In the mid-1970s, Dan took a position as Drama Director at The Brearley School in New York City. There he taught acting and stagecraft for 19 years, directing hundreds of plays and dozens of musicals. His students were the daughters of people such as Leonard Bernstein, Calvin Trillin, Itzhak Perlman and Frank Loesser among other notables. Those he trained include Diane Paulis, who last year was named Artistic Director of the American Repertory Theatre in Cambridge.
It was while Dan was teaching at Brearley that he helped to found WHAT. He served on the WHAT board of directors until his death so that he could continue to have a voice in the theater he helped to start.
Dan was more than his accomplishments, of course. He was a big-hearted man with a legendary sense of humor that permeated both his private and professional life. That was never more obvious than at his funeral, where several lifelong friends recalled a larger-than-life personality who was at once creative and fun loving.
“I’ve had a good run,” he said to his oncologist when learning 15 months ago that he had inoperable cancer.

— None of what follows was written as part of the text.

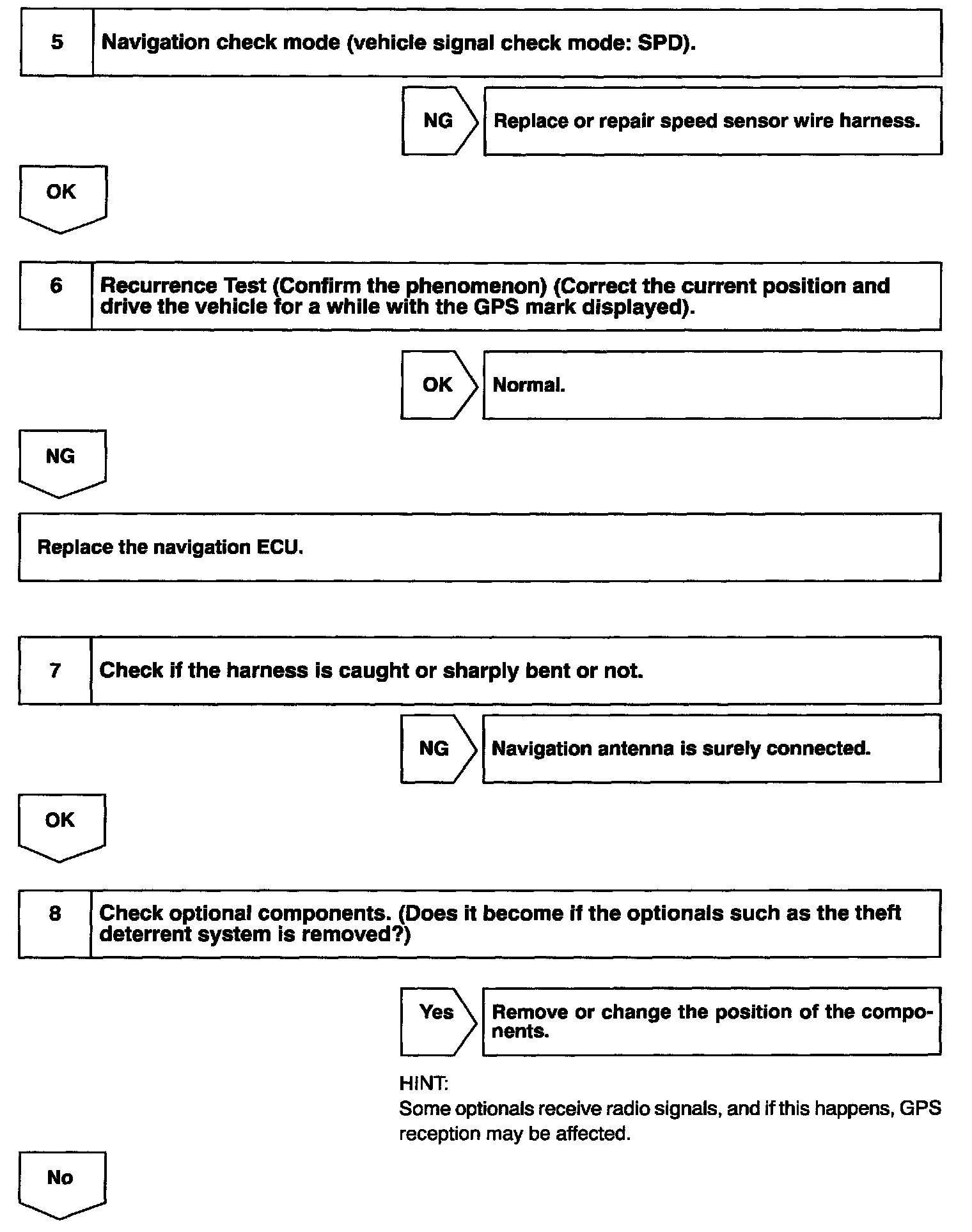 If the trouble still occurs, replace the navigation ECU.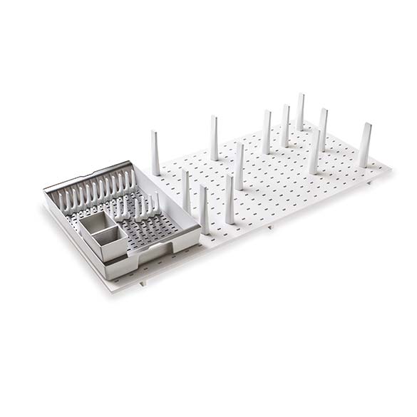 Art. 1210: range-assiettes et égouttoir pour grand tiroir avec base en bois perforé et plateau égouttoir en acier inox.

He is survived by his wife Dina Harris, who will remain in Wellfleet, and two children. His son Sheafe Walker was a sound designer for many Off Broadway shows as well as at WHAT. He is now an attorney specializing in entertainment law. His daughter, Daisy Walker, is a theater director who has worked on Broadway, at Radio City Music Hall, and in numerous regional theaters. An associate director for the Broadway hit Jersey Boys, she last year took time off from that job to direct Ride at WHAT, and this year she will be returning to Wellfleet to direct The Little Dog Laughed on the Julie Harris Stage. His wife and two children were by his side when he succumbed to pneumonia on March 6th.
A small funeral was held Tuesday March 10th at the Church of St. Mary’s of the Harbor, in Provincetown, and officiated by the Reverend John F.Smith. The Nickerson Funeral home in Wellfleet made arrangements for cremation.
WHAT plans to hold a Memorial for Dan at the Julie Harris Stage at 1pm on August 15th.